- Collected data:
-=-=-=-=-
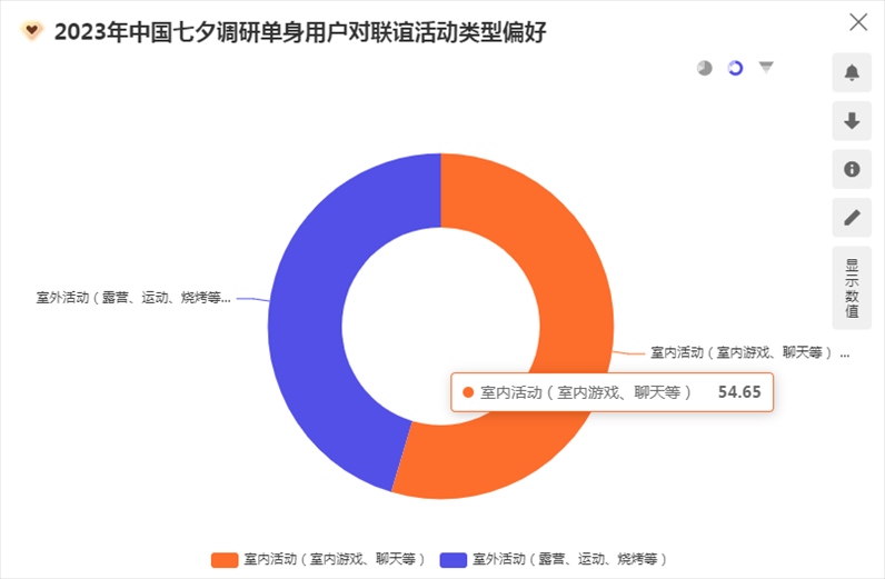 “單身經濟與浪漫經濟并不沖突?!睆堃愀嬖V記者,今年單身人士參加七夕節(jié)交友聯(lián)誼活動意愿強烈,“有53.77%的表示會參加。在聯(lián)誼活動的選擇上,54.65%的人會選擇劇本殺、密室逃脫、桌游等室內活動?!?/p>
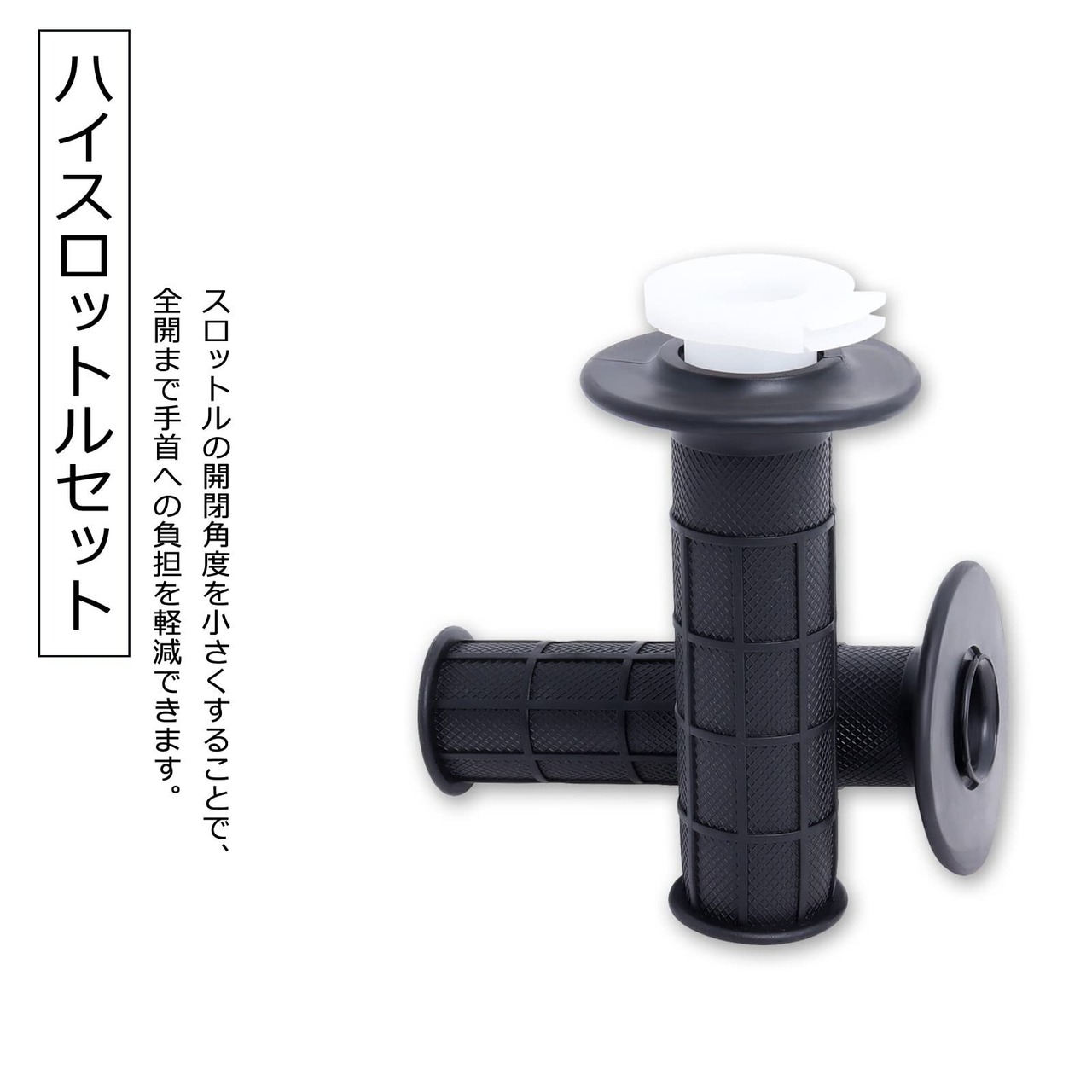 【パッケージ内容】スロットルホルダー*1、グリップ*2、スロットルワイヤ*1。
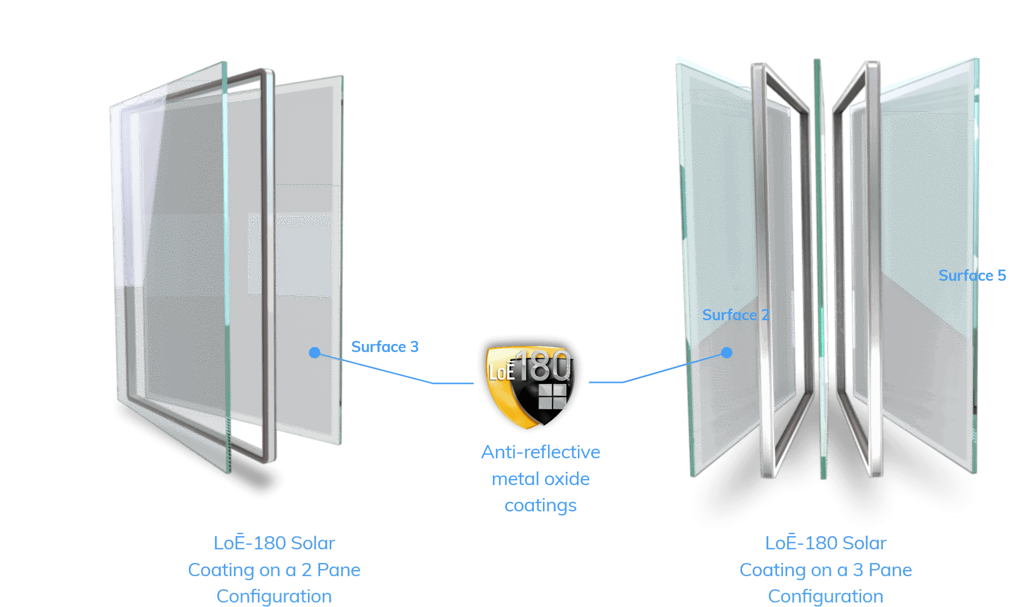 • Often paired with argon or krypton gas fills between panes.
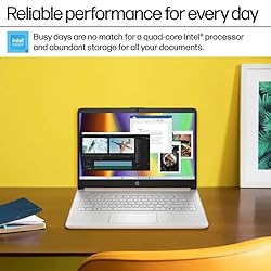 - Intel Processor N150 Save time and increase productivity with powerful performance and smooth multitasking. Access fast web applications, edit photos and videos, and get the responsiveness you're looking for. 128GB Universal Flash Storage Non-volatile storage handles multiple read and write requests simultaneously. Power gating increases power efficiency. Wi-Fi 6 (2x2) and Bluetooth 5.4 wireless card Expect faster speeds and improved performance for connecting multiple devices in your household. HP True Vision HD Camera Video chat with vibrant clarity, even in low light. Temporal noise reduction ensures you're always heard. Ports 1 Multi-format SD media card reader, 1 USB Type-C (10Gbps signaling rate, DisplayPort 1.2), 2 USB Type-A (5Gbps signaling rate), 1 Headphone/microphone combo, 1 AC Smart pin, 1 HDMI 1.4b Weighs 3.24 lbs. and measures 0.71" thin Incredibly lightweight design supports maximum portability while providing the computing power of an Intel processor. 3-cell, 41 Wh Li-ion battery. Microsoft 365 Bring your ideas to life with the included one year subscription of Microsoft 365 including Word, Excel, and PowerPoint. Now with smart assistance features to make all you do more powerful.
-=-=-=-=-
- Task to carry out: The response must match the data line for line, from its first line through the line with "fills between panes.", inclusive, and must leave out the pictures.

- Reply:
 “單身經濟與浪漫經濟并不沖突?!睆堃愀嬖V記者,今年單身人士參加七夕節(jié)交友聯(lián)誼活動意愿強烈,“有53.77%的表示會參加。在聯(lián)誼活動的選擇上,54.65%的人會選擇劇本殺、密室逃脫、桌游等室內活動?!?/p>
 【パッケージ内容】スロットルホルダー*1、グリップ*2、スロットルワイヤ*1。
 • Often paired with argon or krypton gas fills between panes.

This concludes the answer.